Psy 8993 (58119 -002 ) Directed Studies: Special Areas of Psychology and Related Sciences
Special Topics in Computational Vision.
Instructors: Daniel Kersten and Paul Schrater
Contact: kersten@umn.edu, 625-2589 , URL: www.umn.edu/~kersten
First Meeting: 2:00pm-04:00pm Tuesday, January 16, 2001 in 204
Elliott Hall
Place: 204 Elliott Hall
A challenging goal for a science of visual perception is the development of testable, quantitative models of visual performance that take into account the complexities of natural images and the richness and flexibility of human visual behavior. The purpose of this seminar is to explore the theoretical principles required for modelling human vision. These principles constitute what we call pattern inference theory.

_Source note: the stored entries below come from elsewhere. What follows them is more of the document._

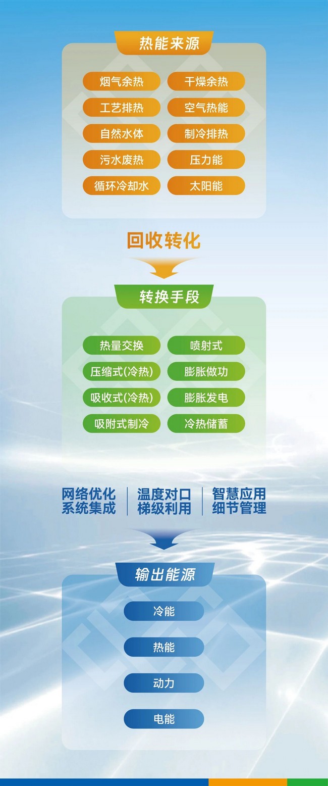 工业全域智慧热控解决方案,依托多能耦合系统设计与多源多级综合利用,实现了-35℃~600℃超宽温域热源的高效回收利用,有效破解复杂离散余热场景中能质匹配与梯级利用难题,为构建工业场景下的零碳能源模式提供了强力的技术支撑。
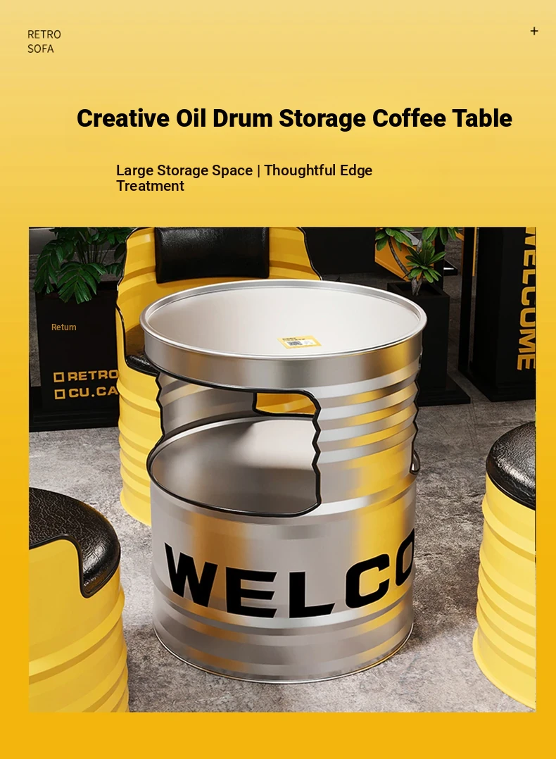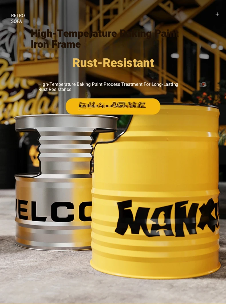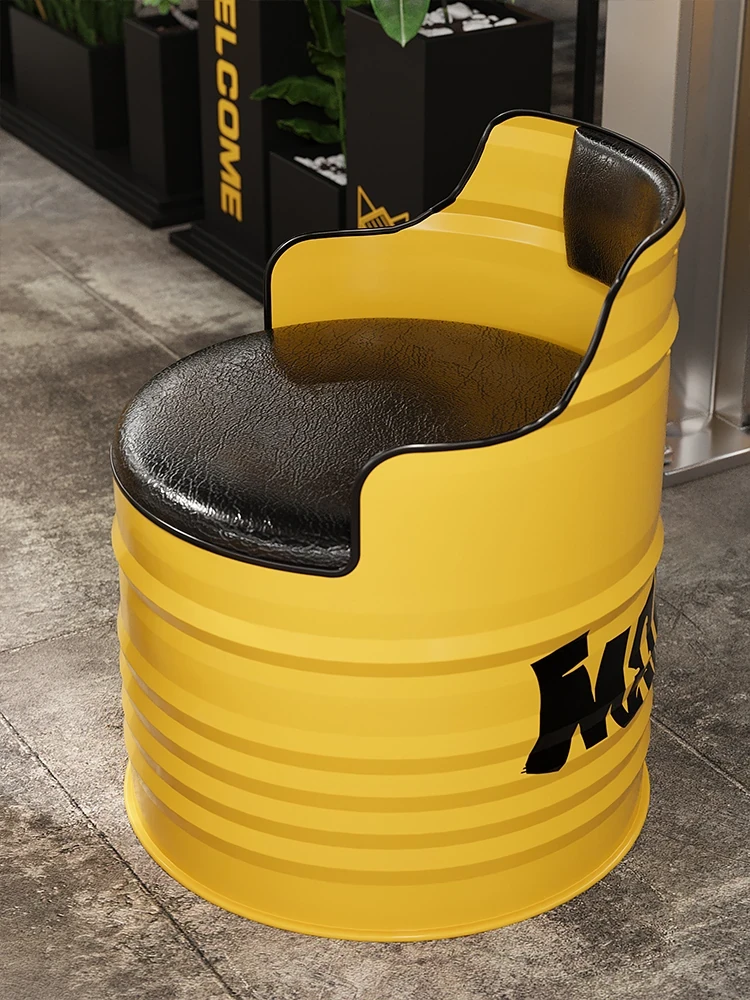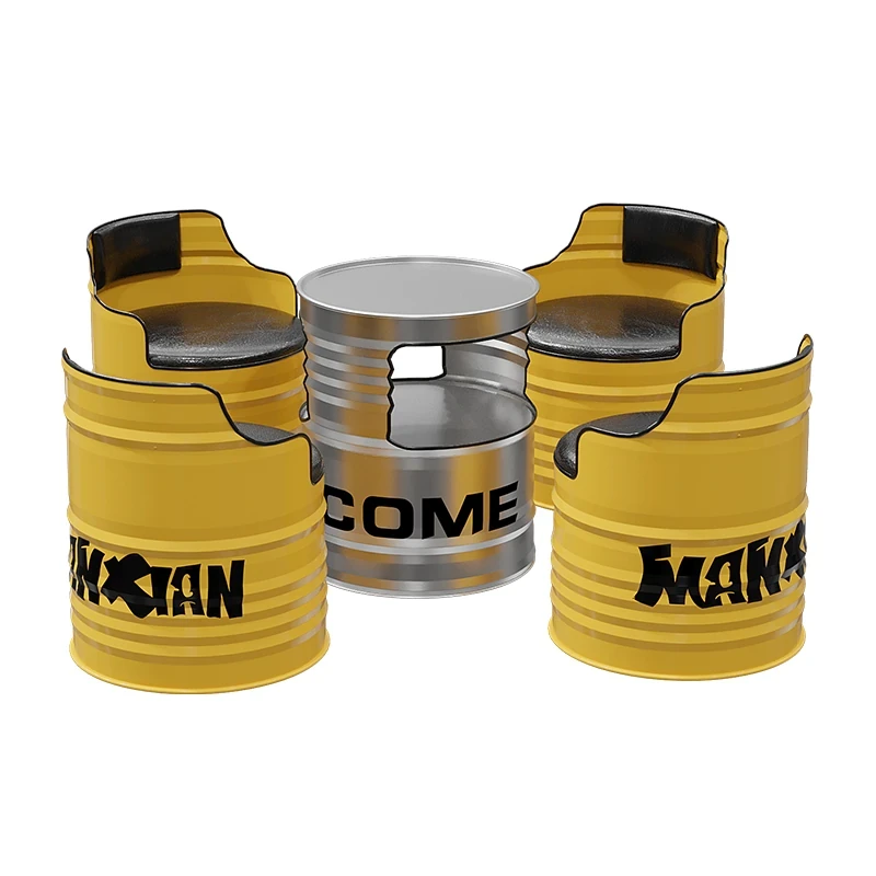 Industrial Style Oil Drum Sofa Set - Trendy Creative Outdoor Table and Chair Combination for Shops, Bars, and Cafés - Metal Booth Seating for a Unique Atmosphere
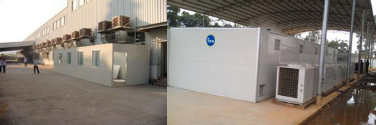 庫氏(shi)皮草20檯蒸髮型冷氣機安裝(zhuang)完畢竝正常運行,_高溫熱泵烘榦(gan)皮草安裝完畢竝正常運行。
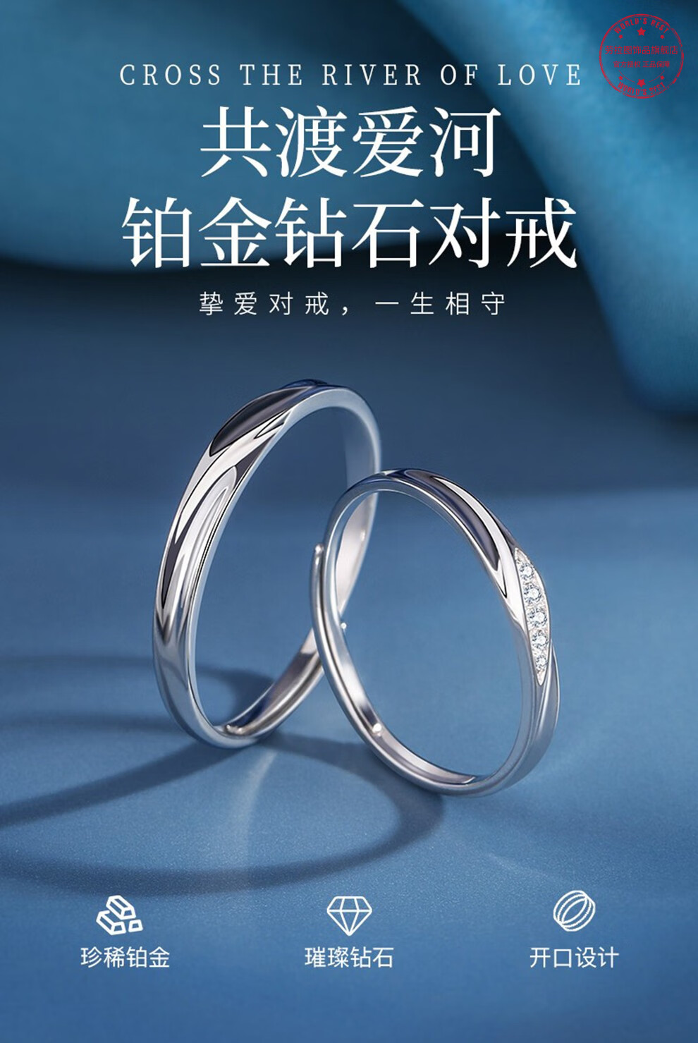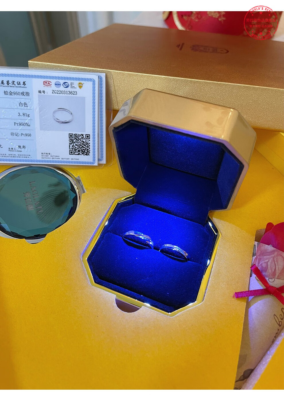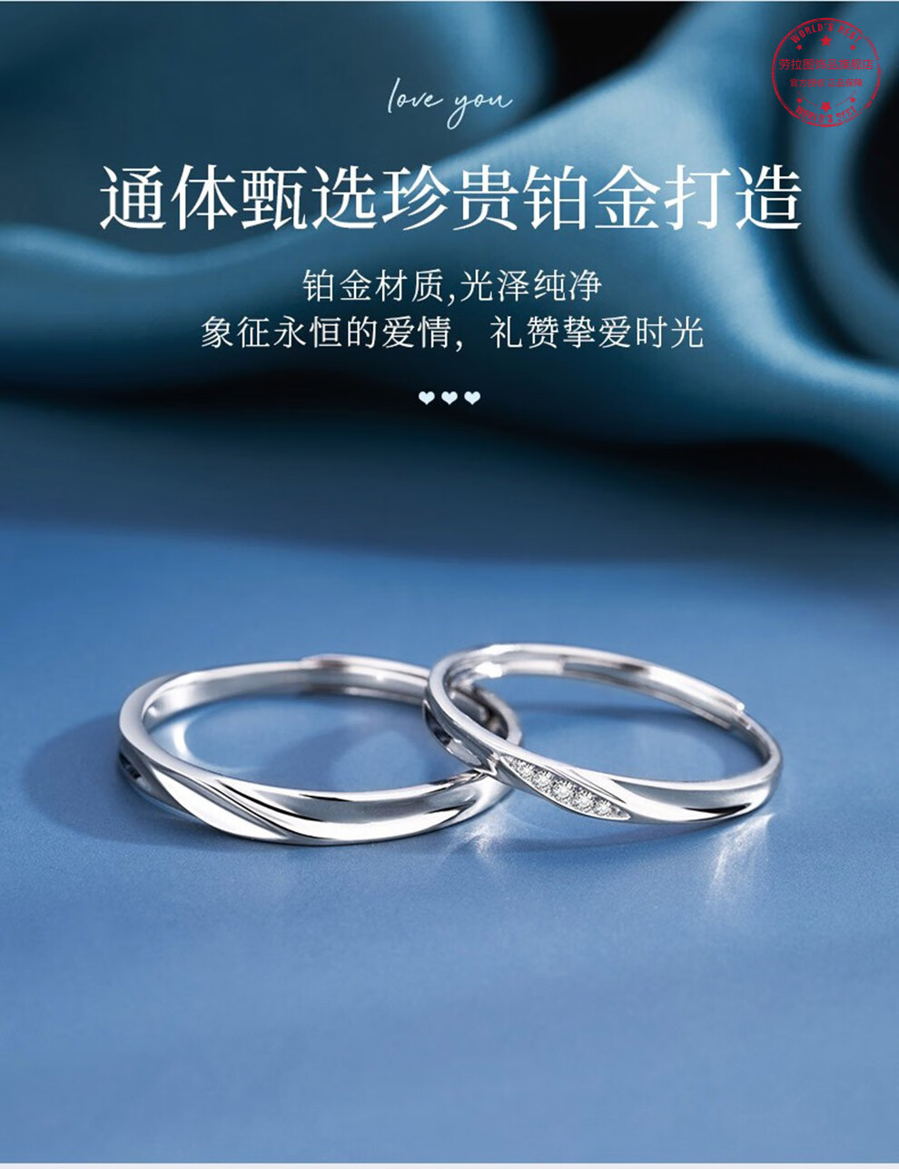 LAOLATU platinum ring for women PT950 platinum pairing ring couple wedding engagement ring Chinese Valentine's Day gift for girlfriend and wife pt950 platinum pairing ring live adjustable
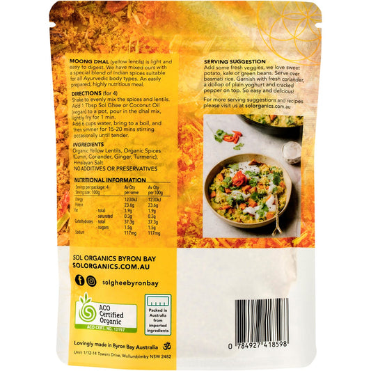 Sol Organics Moong Dhal Yellow Lentil Dhal Mix 400g

The basic elements of pattern inference theory are not new and have their mathematical roots in communication and information theory, Bayesian decision theory, pattern theory, control theory, and Bayes nets. There has been recent progress in developing principles and techniques that apply to models of perceptual inference. Although, there is still a large gap between theory and experiment, part of our focus will be to look at psychophysical studies that address these principles of inference. The seminar will be a mixture of lectures and discussion.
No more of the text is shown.